| Ant, Pseudomyrmecinae, Insect, Tetraponera rufonigra, Aenictus|
Tetraponera, is a genus of ants, commonly slender ants, in the family Formicidae, and are characterised by their arboreal nature and slender bodies. The 86 described species of Tetraponera all live in hollow structures of plants and trees, such as thorns or branches; these hosts are known as myrmecophytes. Tetraponera species are closely related to the New World genus of ants Pseudomyrmex, but differ in their relationships with host plants.
Tetraponera species are generally defined by the myrmecophytes they inhabit and the mutualistic relationship they share. These host plants always have hollow thorns or branches in which the ants can live and form a colony. Also, the myrmecophytes provide energy rich food sources such as extrafloral nectar and/or food bodies. All Tetraponera species have gut symbionts that allow them to digest amino acid-deficient food provided by their host plants; these gut bacteria are especially important for the species that only survive on the myrmecophyte-provided foods.
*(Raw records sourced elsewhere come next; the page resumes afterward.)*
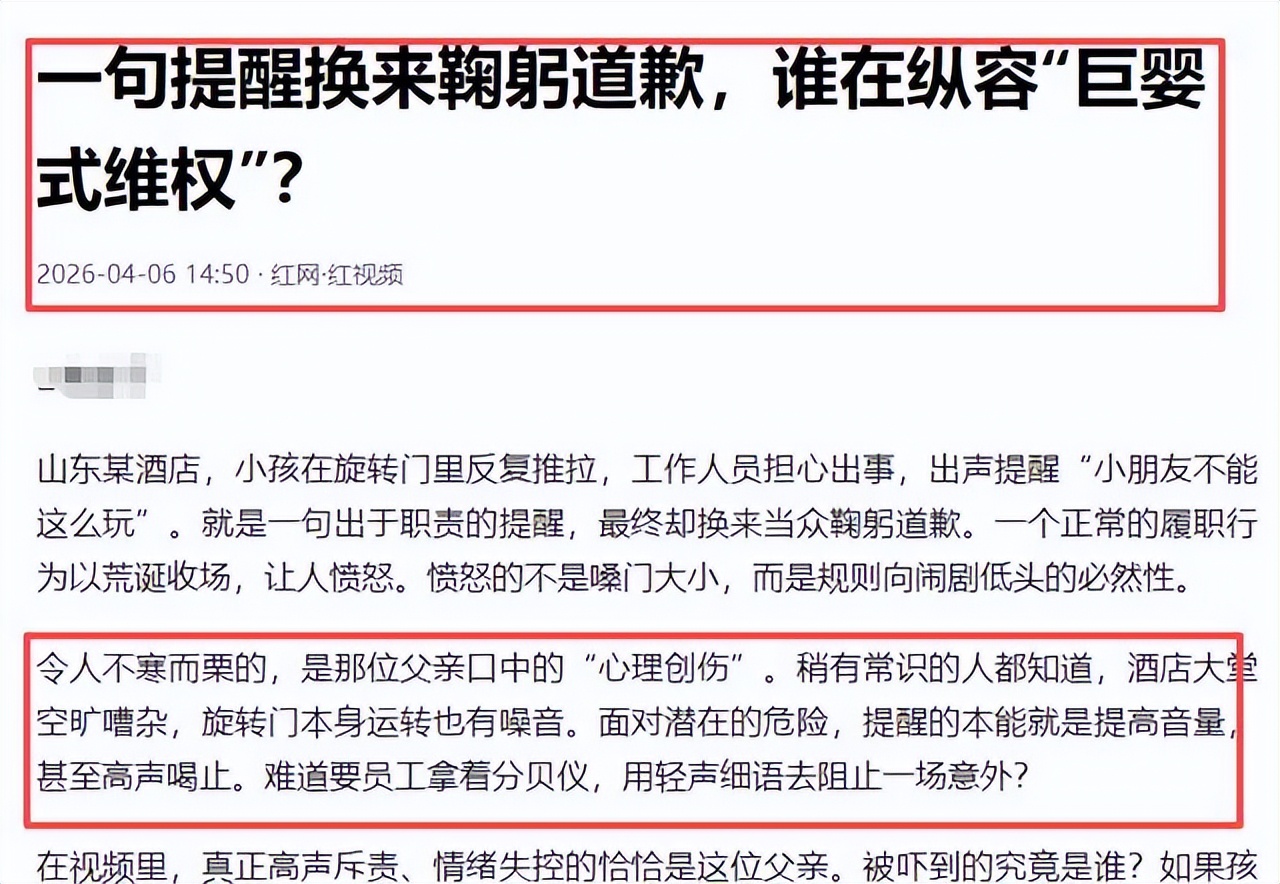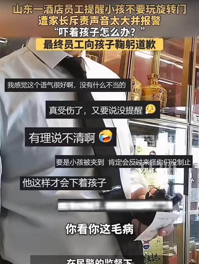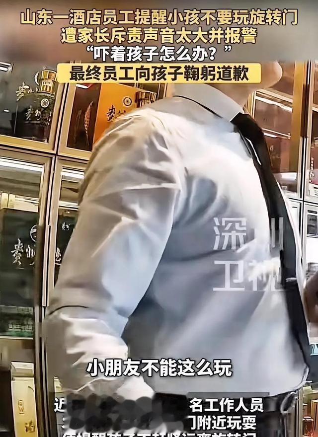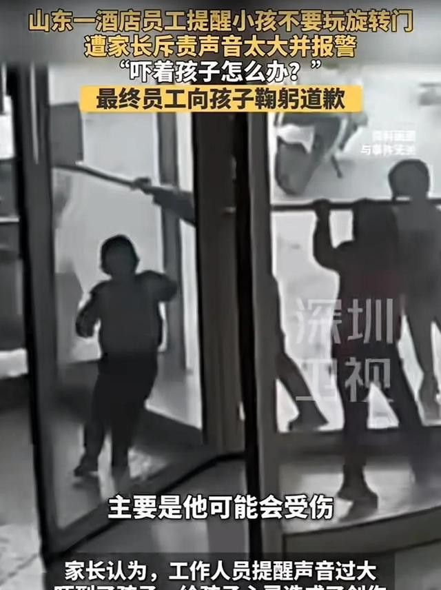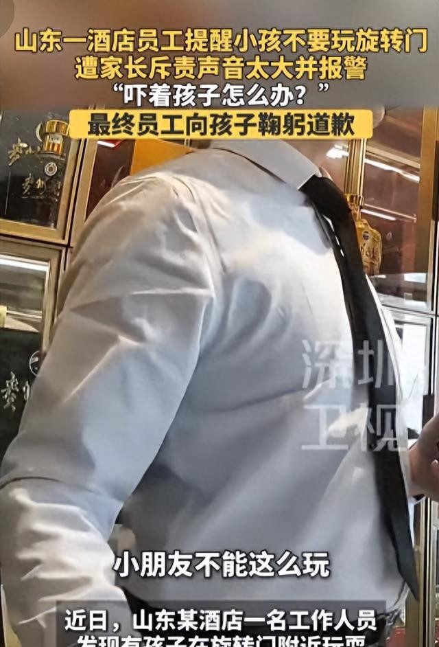 4月6日,新闻晨报官方账号报道了一则新闻,一名家长带孩子入住,孩子在酒店旋转门处反复推拉玩耍,工作人员出于安全考虑出声提醒,却被家长质疑声音太大、给孩子造成了“心理创伤”,最后家长报警,逼迫工作人员在民警监督下当面向孩子鞠躬道歉。
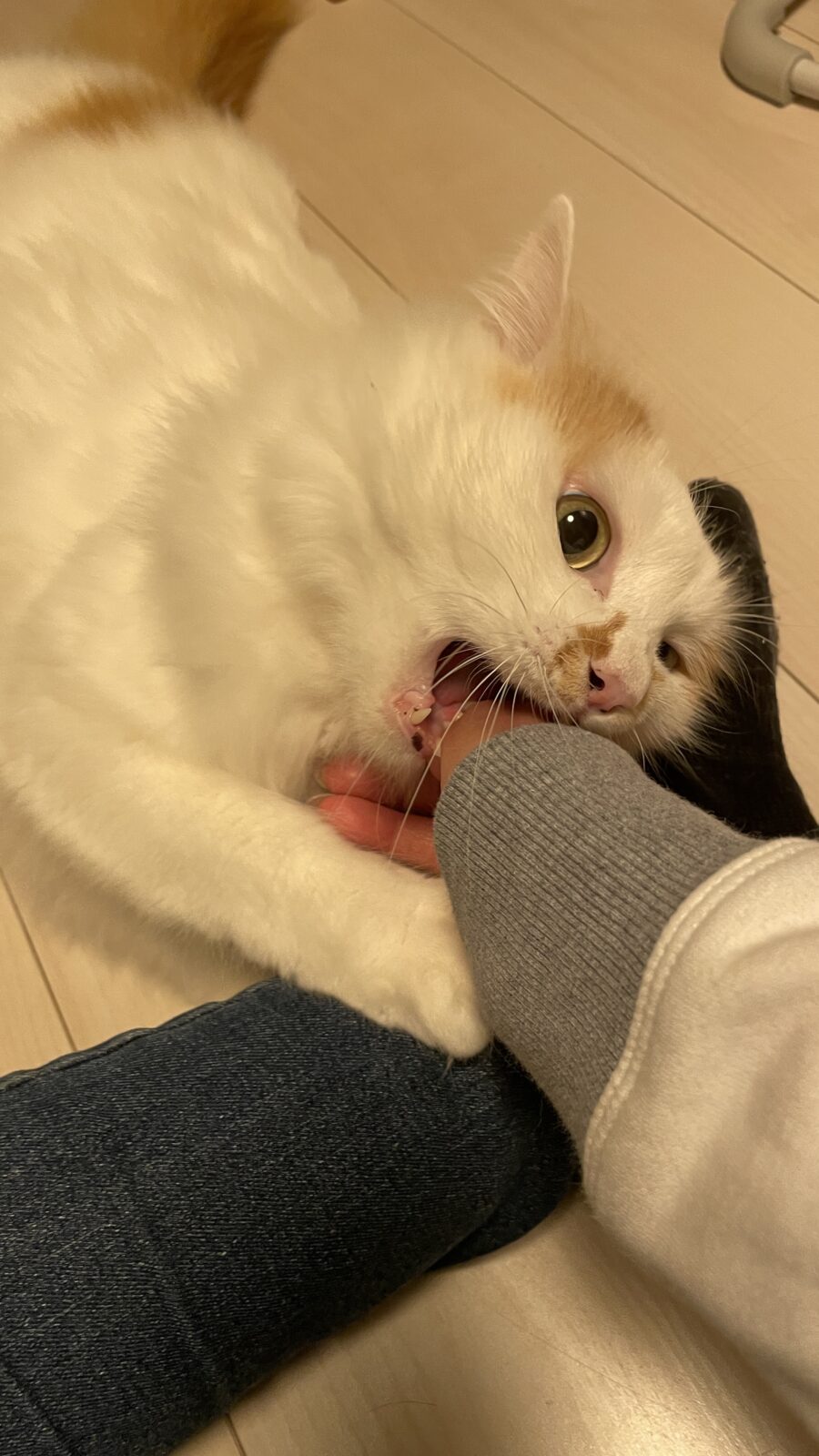 帰る前に、撫で撫でタイムをしました。お尻が気持ち良くて、ガブっ⚡️ 笑😁
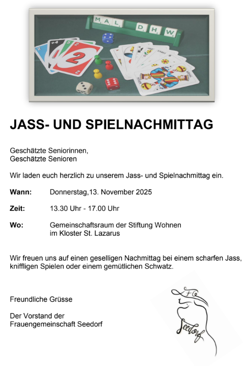 Wir freuen uns, wenn wir euch zu diesen Veranstaltungen begrüssen dürfen. In der Zwischenzeit wünschen wir euch alles Gute und beste Gesundheit.
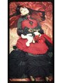 ダブルカラーで、ヌーディーピンクと深みのあるレッドをオン!そこに目の上ぎりぎりを狙ったドーリーバングで、モード感も合わせたスタイルにしました!
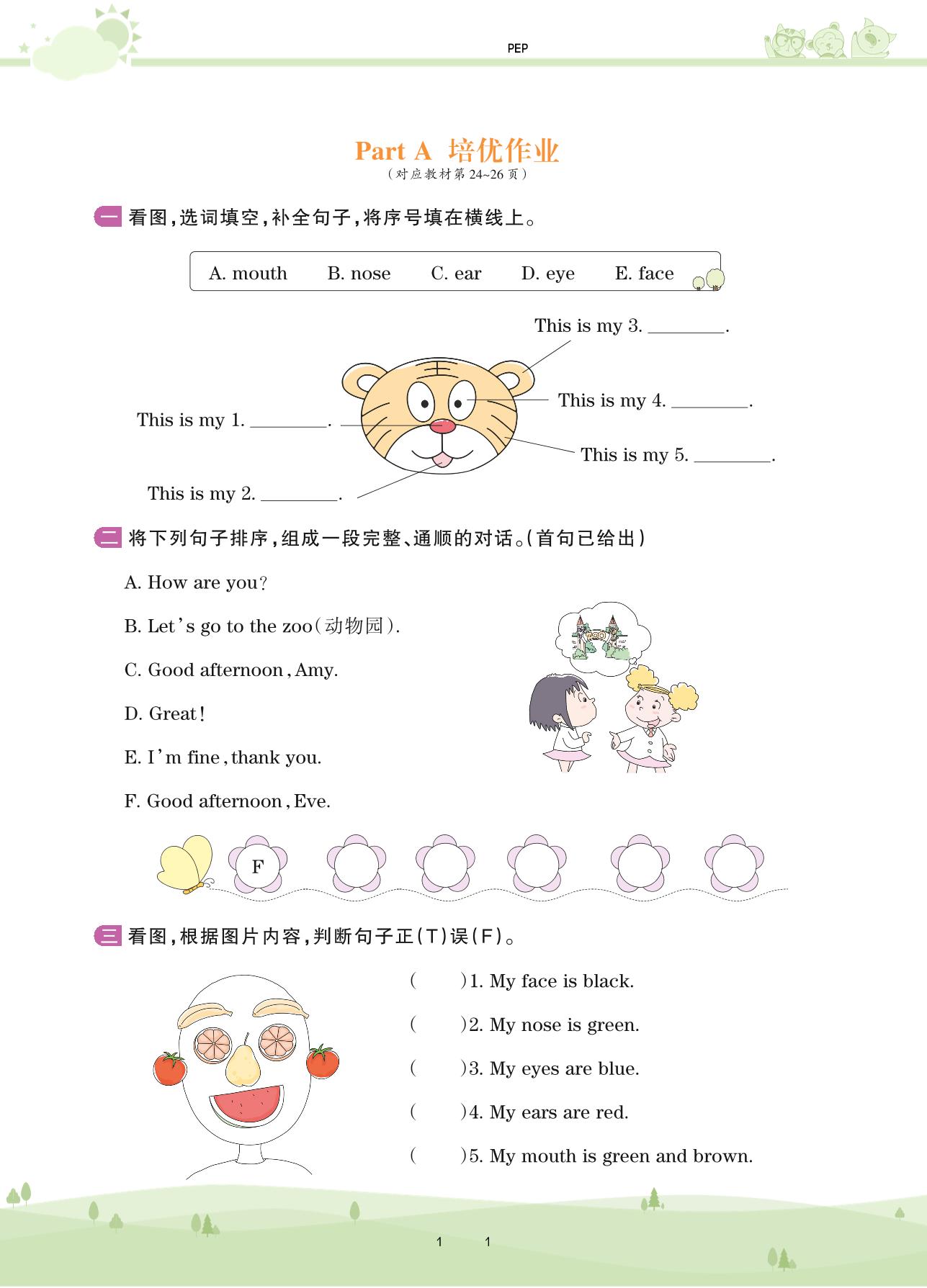 2020上册三年级英语PEP版 Unit 3—Part A 培优作业
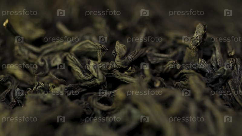 Текстура фона зеленого чая Сенча - свежий, сладкий и нежный чай. Чёрный чай на заднем плане. Много сухого черного чая, текстура. Макровыжатый
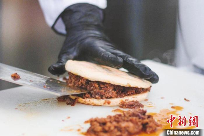在意大利米蘭華人街,一家中國(guó)小吃店門前排著長(zhǎng)隊(duì)。玻璃櫥窗后的操作間里,廚師撈出剛煮好的臘汁肉,切成肉燥,現(xiàn)烙的白吉饃從中切開,填入肉燥后再淋上肉汁,這饃酥肉香的肉夾饃,吸引食客們?cè)诼愤叴罂於漕U。
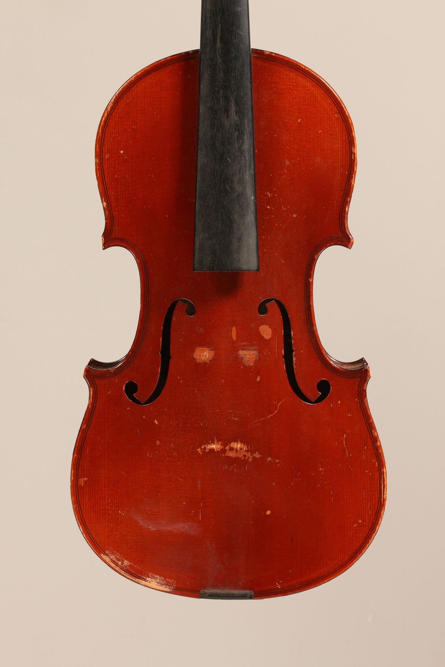 Violon Maison LABERTE fait à Mirecourt début XXème ; portant étiquette Vendu chez Jules LAVEST et portant étiquette apocryphe Stradivarius. Assez bon état. 362mm. [VREXP2]

All Tetraponera species provide protection for their host plants through aggressive nature towards other insects and trimming leaves/branches of neighbouring plants. Living in hollow structures of the plants allows the ants to detect vibrations when larger insects land on the plant, or workers on patrol visually detect smaller intruders. Once detected, sophisticated pheromone systems allow the ants to quickly outnumber and overpower any invaders. Most insect invaders are killed and discarded by Tetraponera workers such as caterpillars and aphids, but some are killed and consumed. The insects that take the most time and effort to kill are generally consumed; these are mostly katydids or leaf beetles.
As well as assaulting and killing insects that attack their host plant, Tetraponera ants will attack any mammals that present a threat. Inflicting the mammals with painful stings will usually deter them from attacking the plant.
In some arboreal ant species, not just Tetraponera, a third partner in ant-myrmecophyte mutualisms is hemipteran trophobionts. These insects provide a possible third source of food for the ants, in return the ants feed and “nurture” the Hemiptera inside their colonies.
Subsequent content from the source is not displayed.